[Python-Dev] Why is soundex marked obsolete?
Tim Peters
tim.one@home.com
Sun, 14 Jan 2001 14:00:21 -0500
Very quick (swamped):
> I think you've just made an argument for replacing your
> SequenceMatcher with simil.ratcliff.
Actually, I'm certain they're the same algorithm now, except the C is
showing through in ratcliff to the floating-point eye <wink>. For
demonstration, I *always* printed the top three scorers (that's logic in the
little driver I posted, not in SequenceMatcher), without any notion of
cutoff (ndiff does use a cutoff). Add this line before the return (in the
posted driver) to see the actual scores:
print scores[:numchoices]
For example:
Module name? browser
[(0.82352941176470584, 'webbrowser'),
(0.55555555555555558, 'robotparser'),
(0.54545454545454541, 'user')]
Hmm. My best guesses are webbrowser, robotparser, user
Module name?
On this example you reported:
>>> simil.ratcliff("browser", "webbrowser")
0.82352942228317261
>>> simil.ratcliff("browser", "robotparser")
0.55555558204650879
>>> simil.ratcliff("browser", "user")
0.54545456171035767
which strongly suggests you're using C floats instead of Python floats to
compute the final score. I didn't try every example in your email, but it's
the same story on the three I did try (scores identical modulo
simil.ratcliff dropping about 30 of the low-order result bits -- which is
about the difference between a C double and a C float on most boxes).

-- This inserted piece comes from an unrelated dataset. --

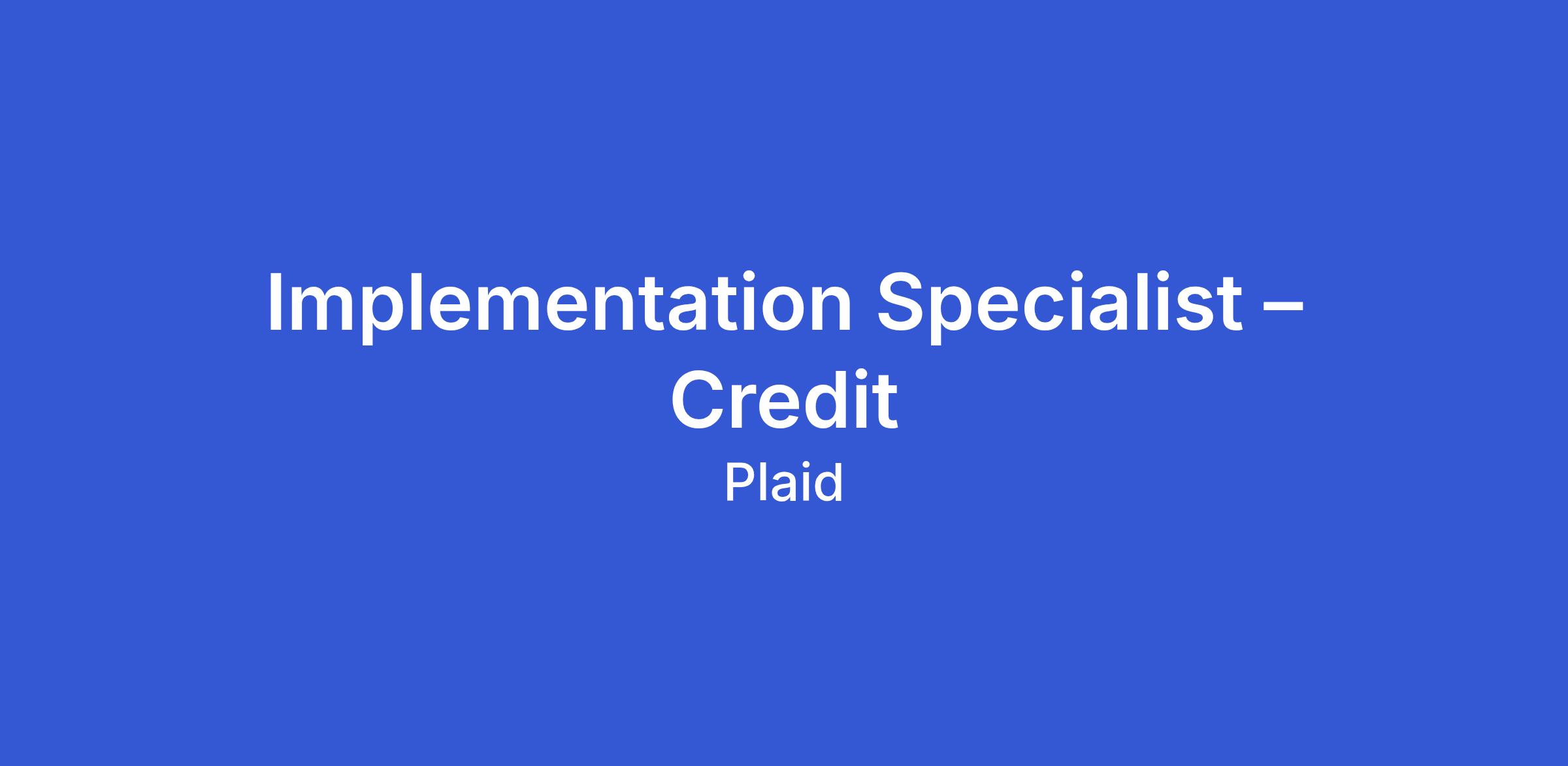 Implementation Specialists are responsible for guiding Plaid’s most strategic customers and partners as they integrate with Plaid solutions. In this role, you will be responsible for the implementation phase and ensure new Credit customers are properly onboarded and the Plaid solution is successfully implemented and launched, which is crucial for customer success as the integration often forms the foundation of their platform. Members of the Implementation team are expected to manage multiple implementations / customers and partners simultaneously, and to stay up to date on Plaid’s technology and new product offerings.

> Mine's even documented. :-).
Which I appreciate! I dreamt up the SequenceMatcher algorithm going on 20
years ago for a friendly diff generator, and never even considered using it
for other purposes. But then I may have mentioned that these other purposes
never come up in my apps <wink>.
or-at-least-they-haven't-in-contexts-where-r/o-would-have-been-
strong-enough-ly y'rs - tim